[Stored entries]
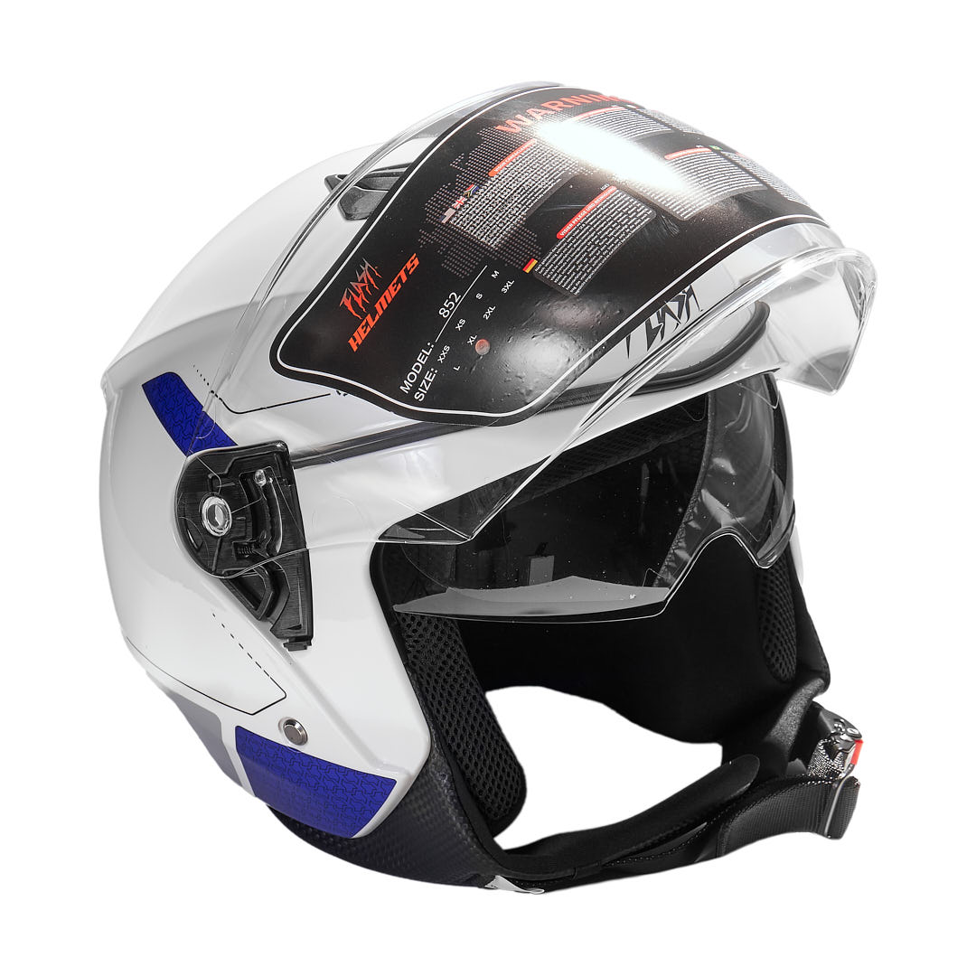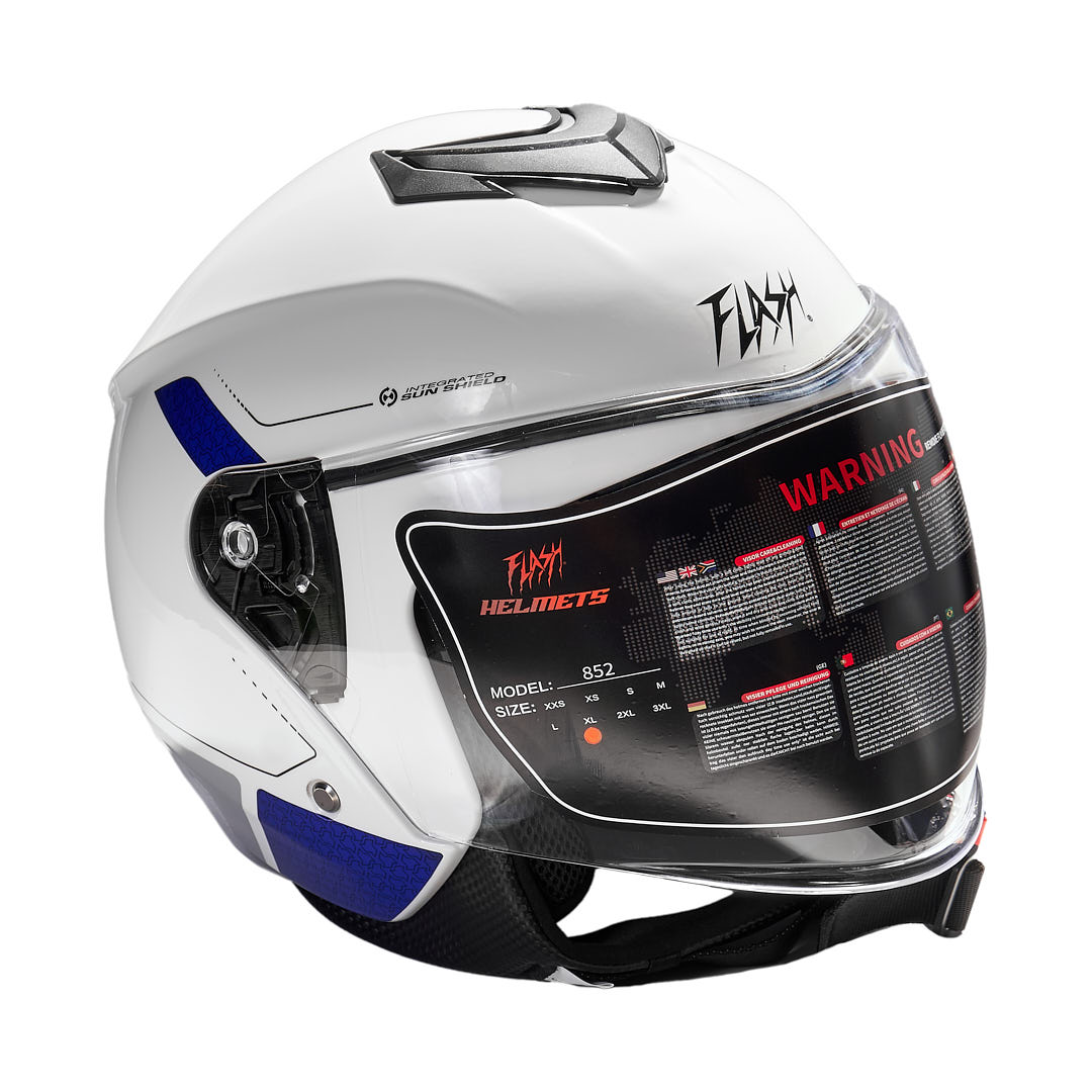 کلاه کاسکت بدون فک فلش مدل 852 glossy blue-white
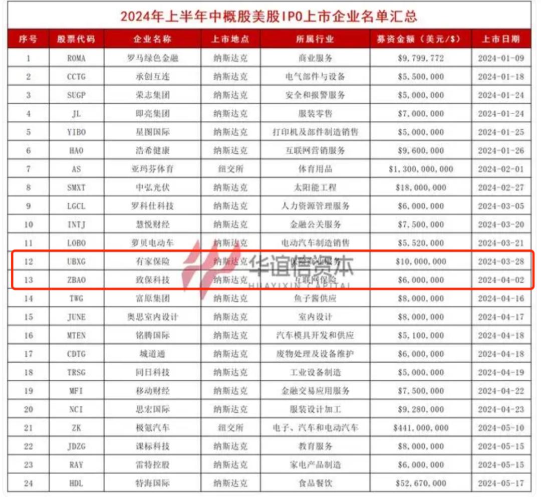 图2:来源:华谊信资本资本,2024年上半年美股IPO上市公司名单:
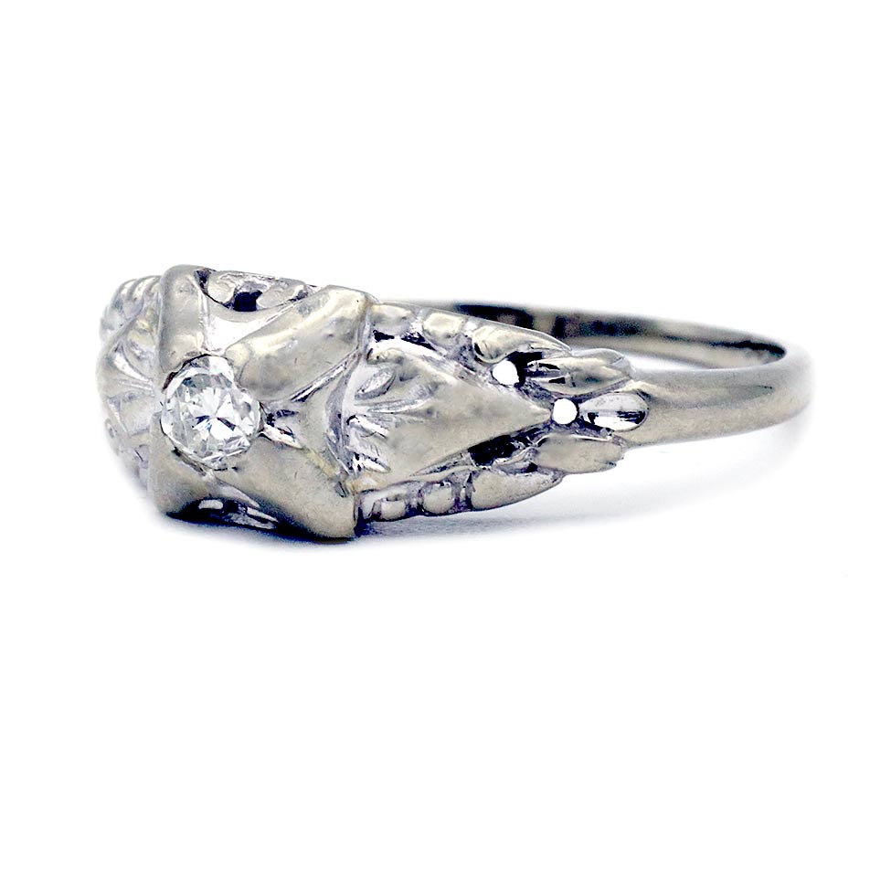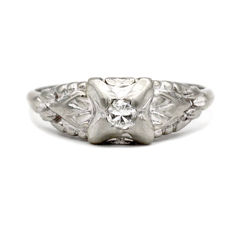 The Tori ring is an authentic vintage engagement ring from the Art Deco Era circa 1930’s. The ring showcases a .15 carat old mine cut diamond, with F color and SI1 clarity. Crafted in 18 karat white gold, completed with delicate filigree engravings. A sleek and bold vintage piece, with unique filigree engravings. In very good condition.
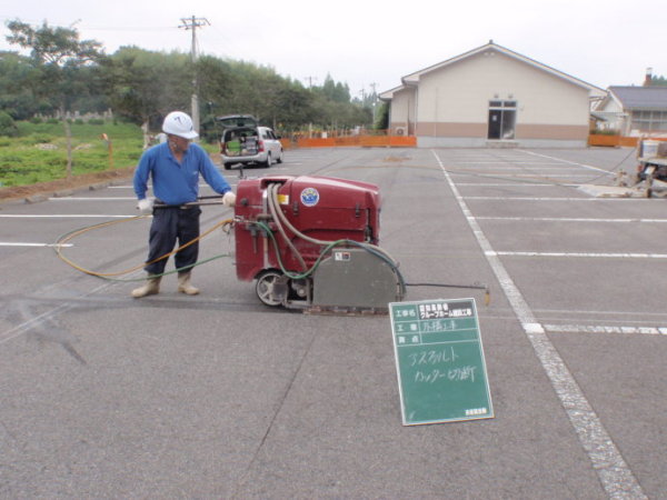使用道路切割电锯,进行地基基坑位置,沥青混凝土路面的切割作业。
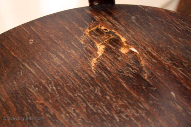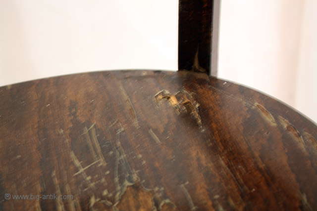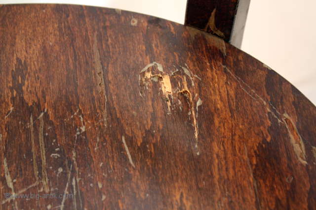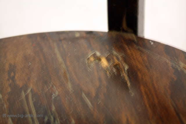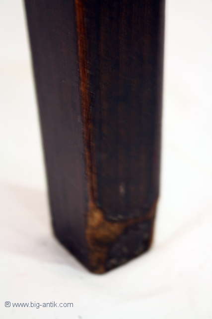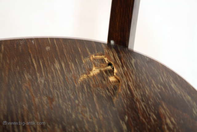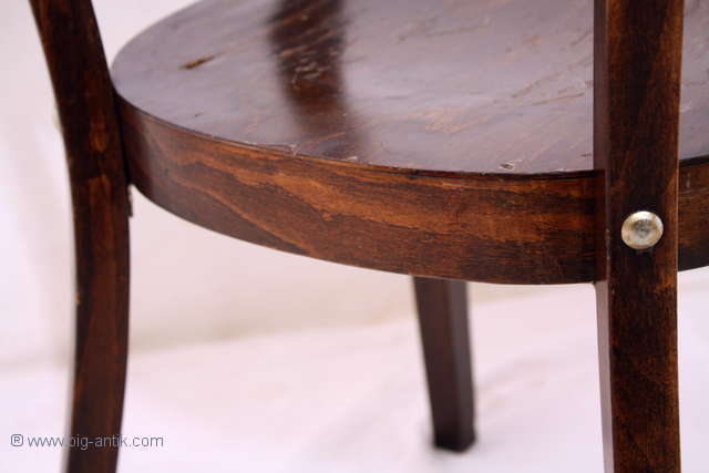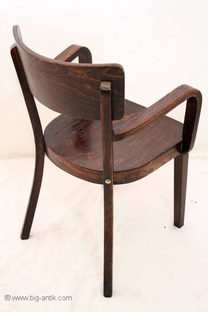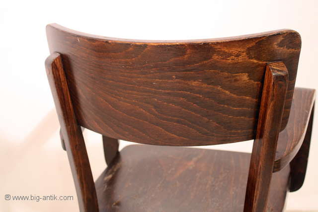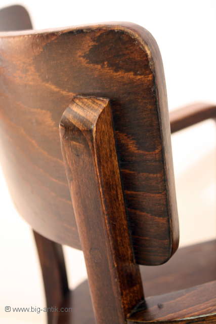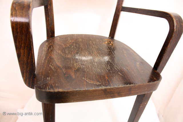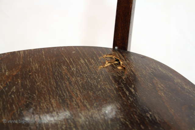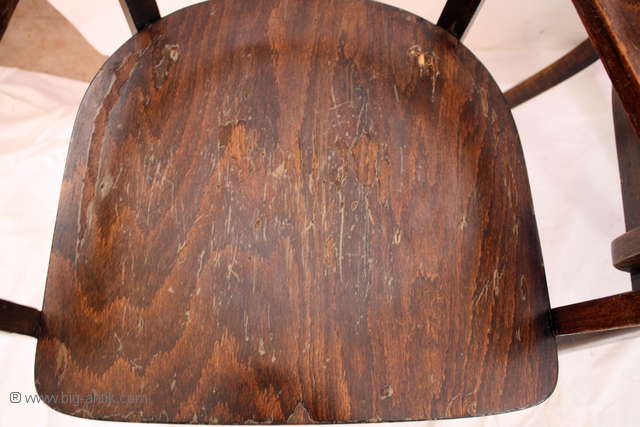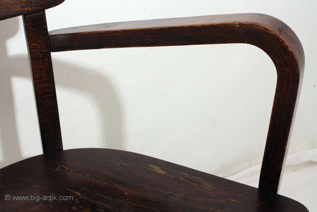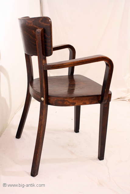 Angeboten wird ein sehr schöner nostalgischer Armlehnensstuhl / Holzstuhl / Bistrostuhl / Kneipenstuhl / Küchenstuhl / Schreibtischstuhl. Die eckigen Sitzfläche und Rückenlehne sind an den Kanten leicht abgerundet. Die Armlehnen sehr schön geformt. Das Holz ist in Palisander gebeizt. Am schönen Stuhl sind viele Gebrauchsspuren vorhanden u.a. Farbe ist an einigen Stellen abgeblättert, die Sitzfläche ist beschädigt und muss geflickt oder ersetzt werden (siehe Bilder) die Beine und Armlehnen sind z.T. wackelig. Der schöne Stuhl wir zum Aufarbeiten angeboten. Wir haben ca. 2 ähnliche Stühle im Angebot.
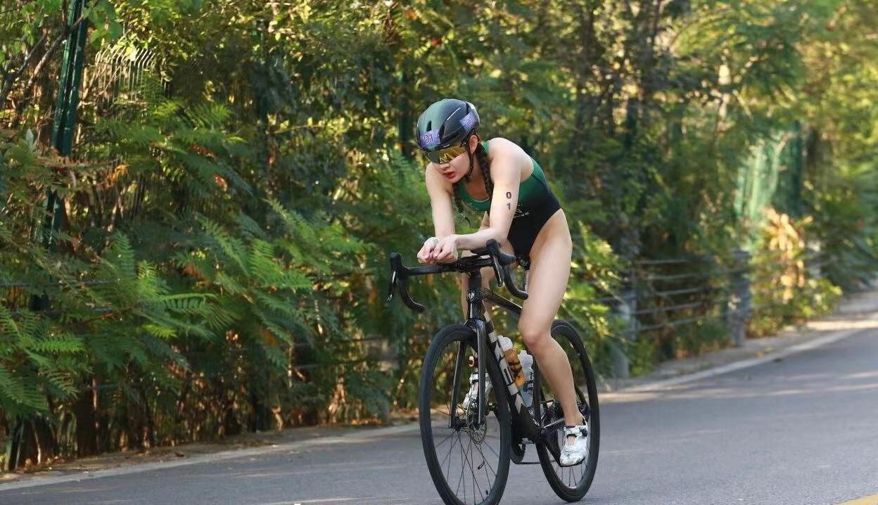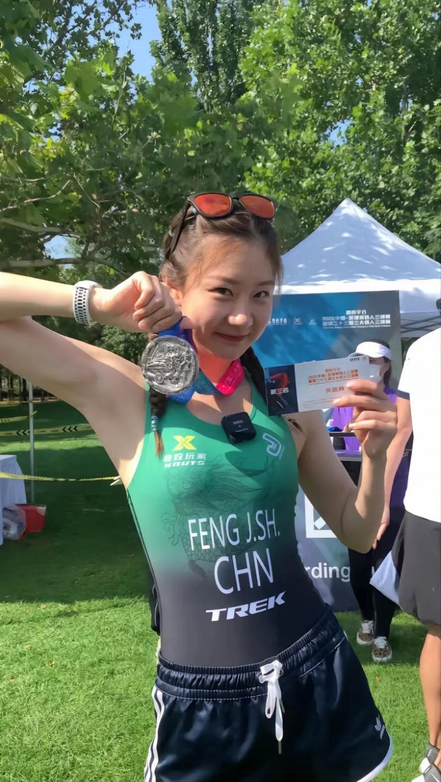 引起热议的网红阿爽现在自媒体平台有37万粉丝,真名冯竟爽,是原铁人三项队队员,第十三届全运会接力亚军。
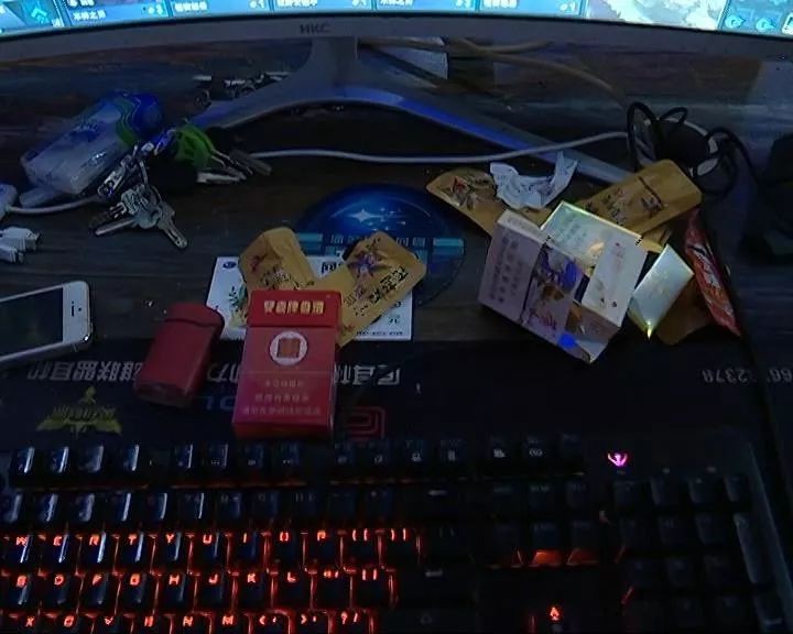 1名顾客的桌面上,则摆放着1个打火机和3个烟盒。

* _About this exercise_
Without the pictures, please output every record exactly.

* _Response box_
 کلاه کاسکت بدون فک فلش مدل 852 glossy blue-white
 图2:来源:华谊信资本资本,2024年上半年美股IPO上市公司名单:
 The Tori ring is an authentic vintage engagement ring from the Art Deco Era circa 1930’s. The ring showcases a .15 carat old mine cut diamond, with F color and SI1 clarity. Crafted in 18 karat white gold, completed with delicate filigree engravings. A sleek and bold vintage piece, with unique filigree engravings. In very good condition.
使用道路切割电锯,进行地基基坑位置,沥青混凝土路面的切割作业。
 Angeboten wird ein sehr schöner nostalgischer Armlehnensstuhl / Holzstuhl / Bistrostuhl / Kneipenstuhl / Küchenstuhl / Schreibtischstuhl. Die eckigen Sitzfläche und Rückenlehne sind an den Kanten leicht abgerundet. Die Armlehnen sehr schön geformt. Das Holz ist in Palisander gebeizt. Am schönen Stuhl sind viele Gebrauchsspuren vorhanden u.a. Farbe ist an einigen Stellen abgeblättert, die Sitzfläche ist beschädigt und muss geflickt oder ersetzt werden (siehe Bilder) die Beine und Armlehnen sind z.T. wackelig. Der schöne Stuhl wir zum Aufarbeiten angeboten. Wir haben ca. 2 ähnliche Stühle im Angebot.
 引起热议的网红阿爽现在自媒体平台有37万粉丝,真名冯竟爽,是原铁人三项队队员,第十三届全运会接力亚军。
 1名顾客的桌面上,则摆放着1个打火机和3个烟盒。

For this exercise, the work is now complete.